Saturday, June 25, 2011

Explores A Question

I started a playwriting course last Tuesday at UCLA taught by Leon Martell and the first assignment made me light headed with a kind of nerdy anticipatory fever!  Leon asked us to bring in three germs for a play: a situation, a title, an image.  He said a play begins with a question and gave as an example his award winning play, "Bea[u]tiful in the Extreme," which explores the question why Lewis (of Lewis and Clark) shot himself after he returned from his historic expedition.  

In my favorite book on how to write a novel, "The Art of the Novel," Milan Kundera ("Unbearable Lightness of Being") says exactly the same thing!  A novel explores a question.  In fact, Kundera says, the history of the novel is not the sum of what was written but the "sequence of discoveries" along the way:
"In its own way, through its own logic, the novel discovered the various dimensions of existence one by one: with Cervantes and his contemporaries, it inquires into the nature of adventure; with Richardson, it begins to examine 'what happens inside,' to unmask the secret life of the feelings; with Balzac, it discovers man's rootedness in history; with Flaubert, it explores the terra previously incognita of the everyday; with Tolstoy, it focuses on the intrusion of the irrational into human behavior and decisions. It probes time: the elusive past with Proust, the elusive present with Joyce. With Thomas Mann, it examines the role of the myths from the remote past that control our present actions. Et cetera, et cetera."
How exciting!  Not only do we write with a question in mind, our questions form the history of the artform itself!  And it made me wonder.  What are the questions people are asking these days in the books and plays and videogames they are writing?  And where does mine fit in?

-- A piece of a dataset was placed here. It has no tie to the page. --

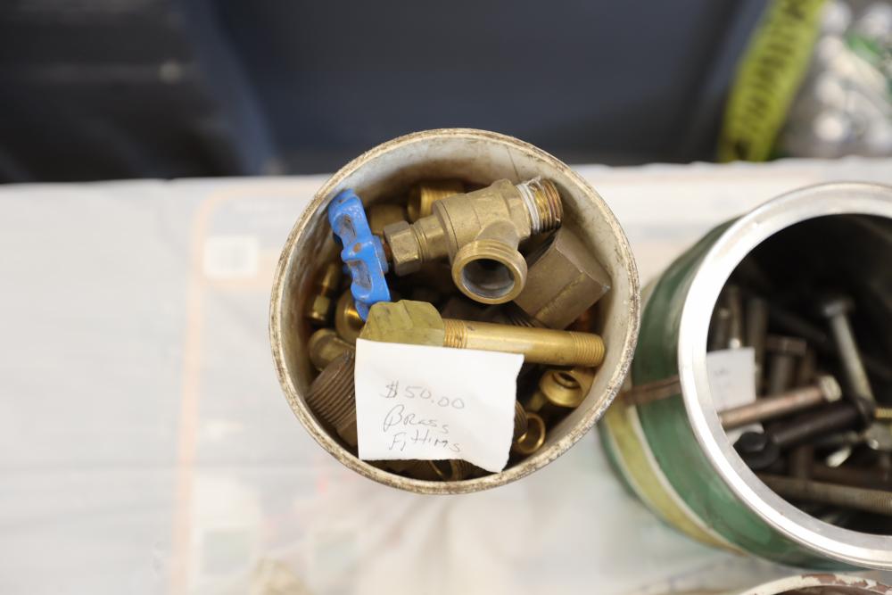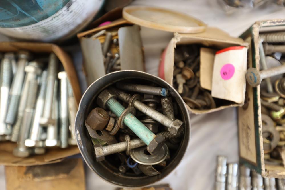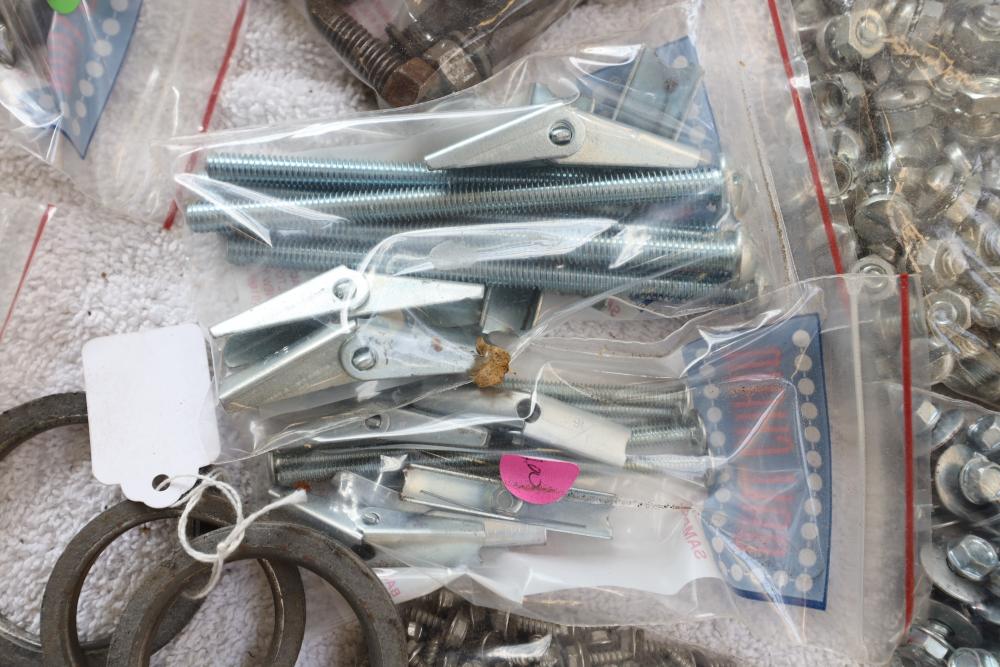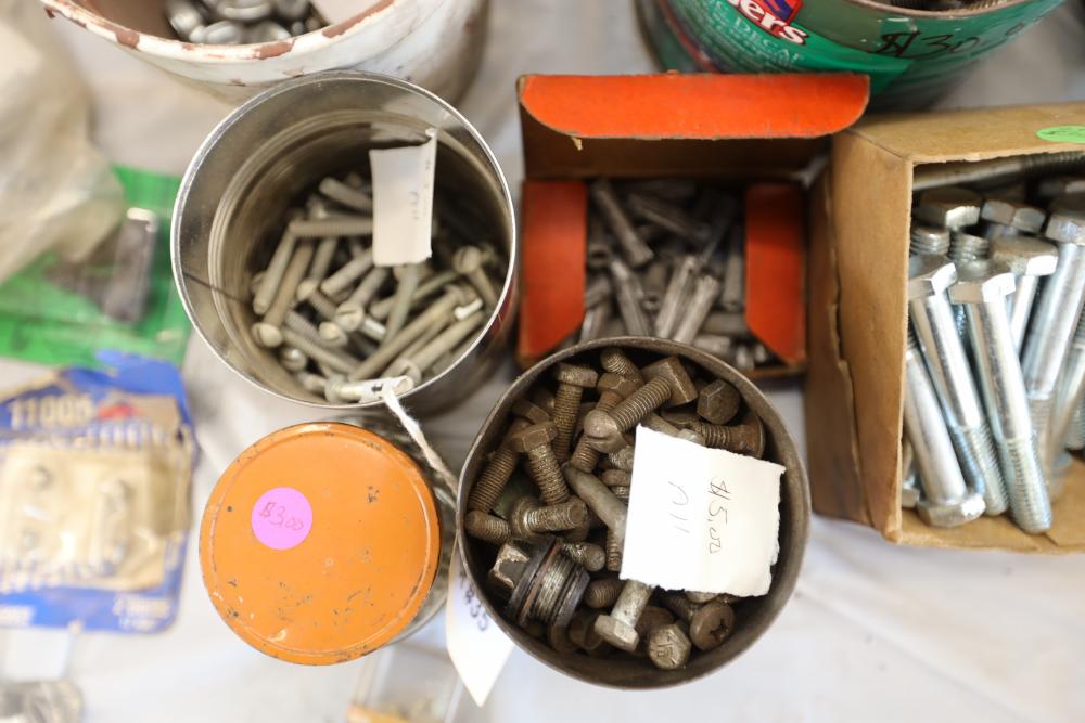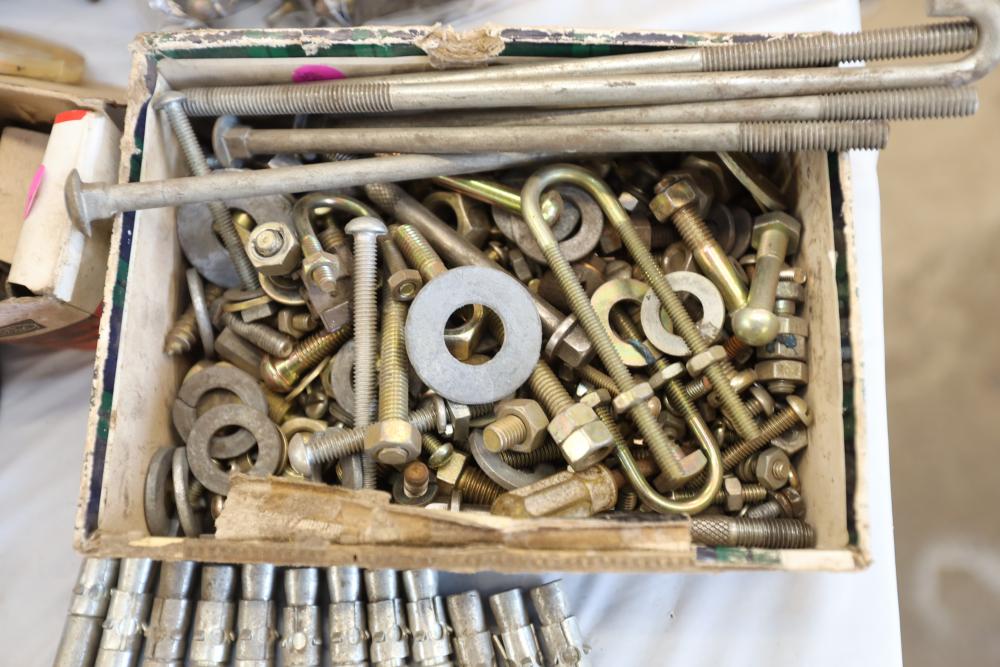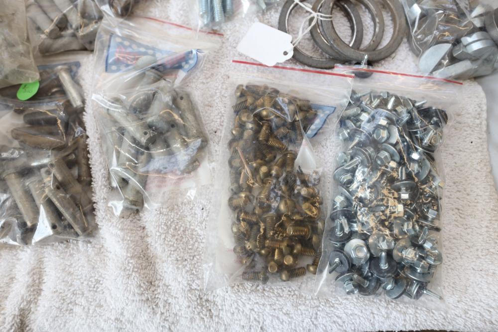 Large assortment of nuts, bolts, hardware, also including Make A Clamp kits, brass fittings, threaded rods, etc.

It made me think about the question behind my book.  There are many questions, actually, because over these 15 years I've used my book to learn many things.  But the question that is central to the main character is this: "What is the 'Thing' I am constantly searching for but never find?"  And the form of my book?  What if there were a form, the writing of which could create consciousness in the person writing it?  That is the form that I would pick!

So what is your question?

1 comment:

Linda said...

"What if there were a form, the writing of which could create consciousness in the person writing it?"... I think you are already doing this Diana - through commitment to your process (not always fun, but relentlessly seeking your truth) and in the illustrations you paint which will eventually go with the book. Just keep it up. If these blog posts are any indication your writing and your self exploration continue to go deeper all the time.

My question: How can I stay motivated to focus on what is important, what I want, what is real?